Un regard en arrière sur la notion de mécénat, courante au cours des siècles, montre plutôt que, loin de se réduire à un amour éthéré des formes esthétiques, l'action du mécène, jamais gratuite, repose toujours sur une forte dimension sociale. Le mot provient de Caius Cilnius Maecenas, conseiller d'Auguste et « sponsor », si on ose l'écrire, de Virgile et d'Horace, à qui il ouvrit les portes de son palais romain. Mais le mécénat existait avant Mécène et disposait, dans le monde antique, d'un rayonnement bien plus large que le simple encouragement des arts et des lettres. Mécénat d'État – en Égypte pharaonique ou dans la Rome impériale – ou privé – chez les notables des villes grecques et hellénistiques –, il était une véritable obligation morale, à laquelle il était quasiment impossible de se soustraire. En finançant temples, édifices publics ou religieux, en offrant de nombreuses libéralités, y compris les fameux jeux du cirque, les « évergètes », comme il convient de les qualifier, contribuaient tout autant au bien-être de la collectivité qu'à leur propre renommée...

Décrite par Aristote, l'évergésie signifie la « bienfaisance », c'est-à-dire la noble action de faire le bien, donnant ainsi à apprécier l'excellence d'une position sociale. « Le pauvre qui essaie d'être magnifique est un sot », raillait d'ailleurs le philosophe dans son Éthique à Nicomaque. Jouant le rôle de façades prestigieuses, l'évergétisme ou le mécénat soulignent les responsabilités comme la distance du pouvoir. C'est avec cette double connotation que le second terme traversera les siècles, des grandes familles italiennes de la Renaissance, tels les Médicis, aux favoris des monarchies absolutistes, un Mazarin ou un Fouquet, et aux fortunés « amoureux des arts » des xixe et xxe siècles, les Rothschild ou les Noailles. Sans surprise, avec la naissance d'un art contestataire – « Je hais les mécènes », dira Courbet – et l'essor de l'État moderne, garant de l'intérêt général, notamment en matière de patrimoine artistique ou architectural, le « grand mécénat » va décliner jusqu'à apparaître comme un caprice excentrique, celui de milliardaires américains tels Paul Getty.
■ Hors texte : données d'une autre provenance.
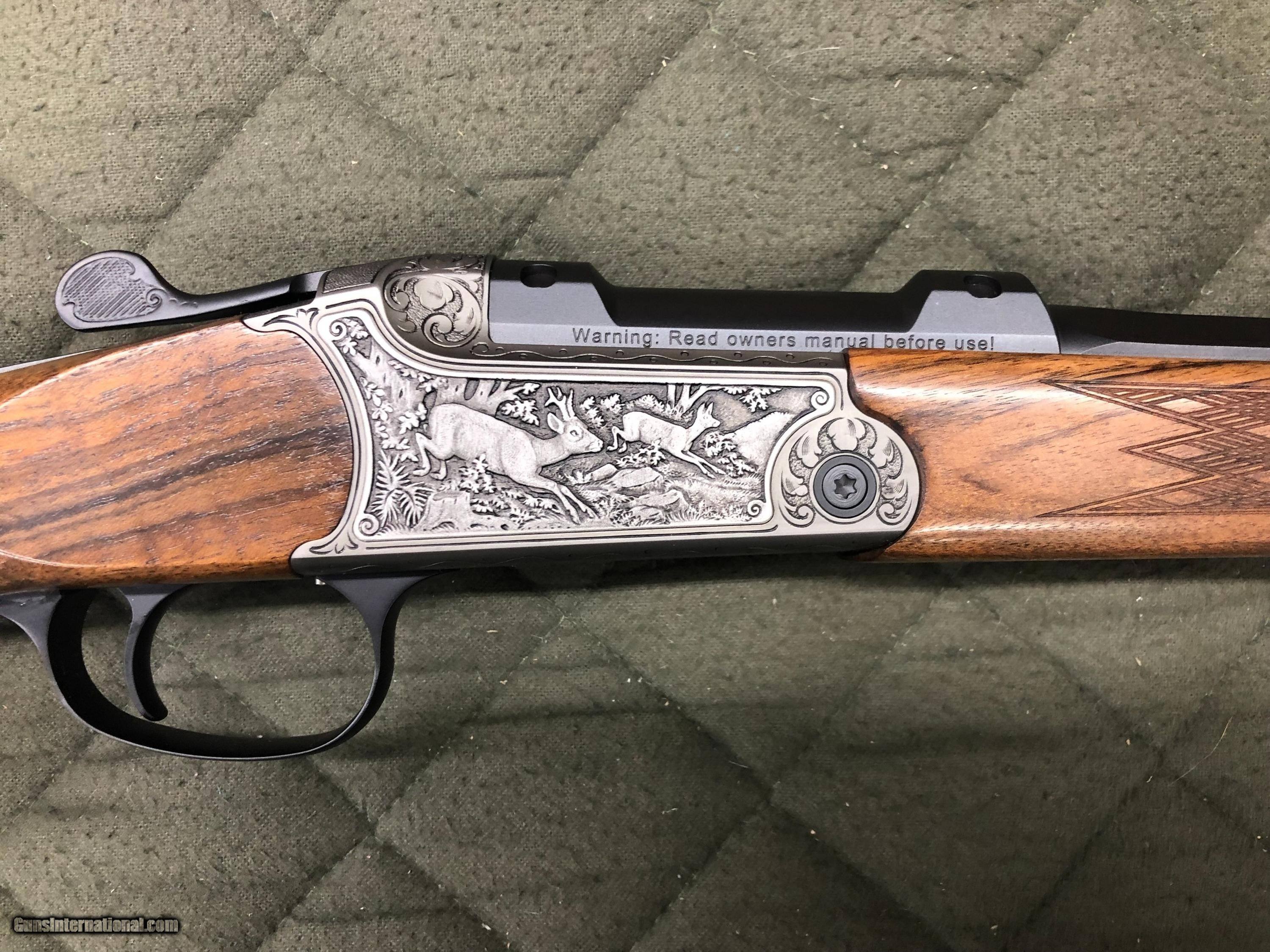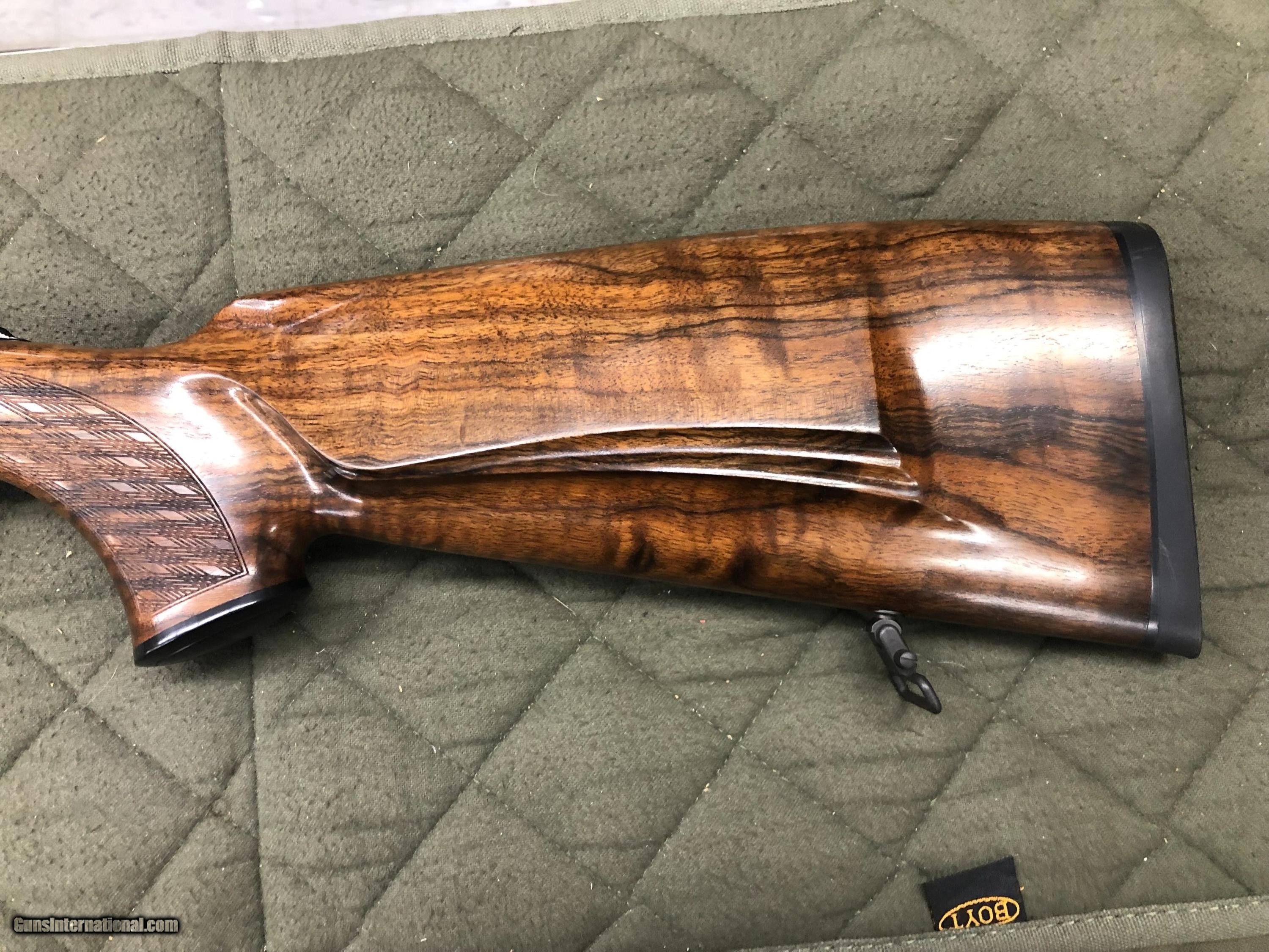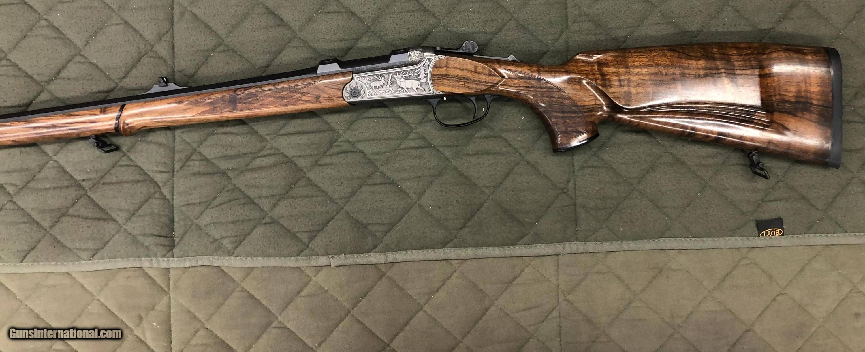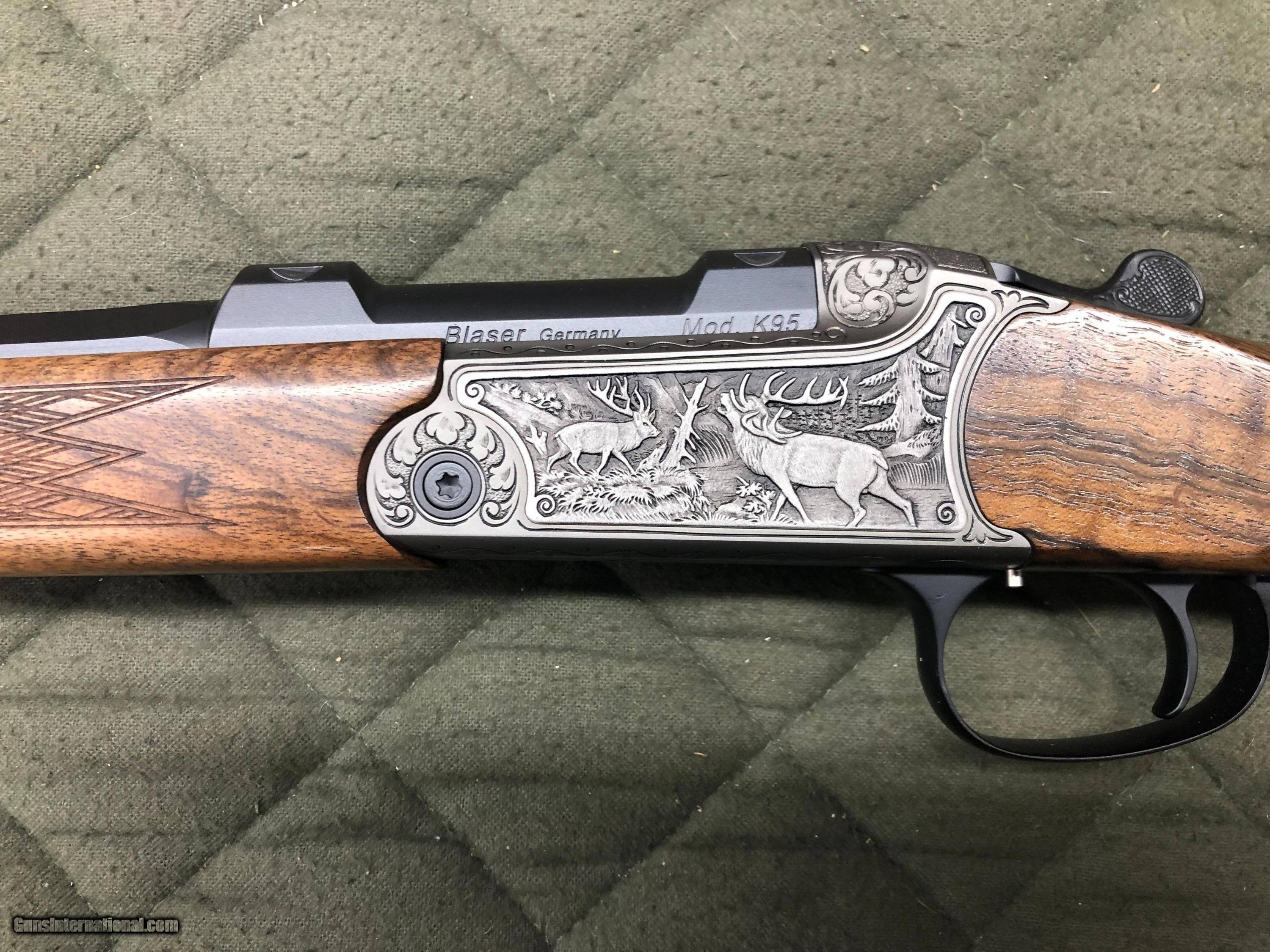 Description: Unfired Blaser K95 Stutzen 270 win,engraved side plates with Elk and Roe Deer,beautiful wood,cheek piece,sling swivels,octagon 20"bbl with sights,rubber butt pad.1" scope mount included SOLD Rifle Caliber: .270 Winchester Manufacturer: Blaser Model: K95 Barrel Length: 20 |

Pour que la vieille pratique du don ostentatoire renaisse, il fallait une remise en cause des rapports public/privé. De l'éclipsé de l'État-providence à la vogue de l'entreprise et de l'initiative privée, les années 80 vont être propices à la vigoureuse renaissance d'un geste d'antan devenu presque anachronique. Comme l'analyse l'historien Paul Veyne dans le Pain et le Cirque : « L'évergétisme implique donc que les décisions relatives à certains biens collectifs, dont des mécènes font la dépense, échappent à la souveraineté de l'État et sont prises par les mécènes eux-mêmes. »

La longue marche du mécénat privé

Retrait de l'État d'abord. En France, celui-ci sera long à se dessiner. En 1965, André Malraux, ministre d'État et ministre de la Culture, écrivait : « Je me préoccupe de provoquer en France un véritable mécénat culturel à l'exemple de ce qui existe à l'étranger, notamment aux États-Unis. » Cela déboucha sur le « rapport Pomey », du nom d'un conseiller d'État qui sut défricher le maquis juridique existant, avec pourtant une conséquence paradoxale. La puissance publique, bien que désireuse de favoriser l'essor du mécénat privé, restait méfiante à l'égard de l'initiative des particuliers et allait enfermer celle-ci dans une tutelle contraignante, via d'obligatoires fondations d'« utilité publique », agréées après de longs contrôles administratifs. Créée en 1969, la Fondation de France symbolisait cette démarche contradictoire. Les choses mirent du temps à évoluer au cours des années 1970. Il fallut attendre Jean-Philippe Lecat, ministre de la Culture et de la Communication de 1978 à 1981, pour voir l'État prendre à nouveau ouvertement position en faveur du mécénat, en éditant notamment la brochure le Mécénat en France (1980). L'accueil fut d'abord négatif. Mais le climat allait totalement changer avec les années 80.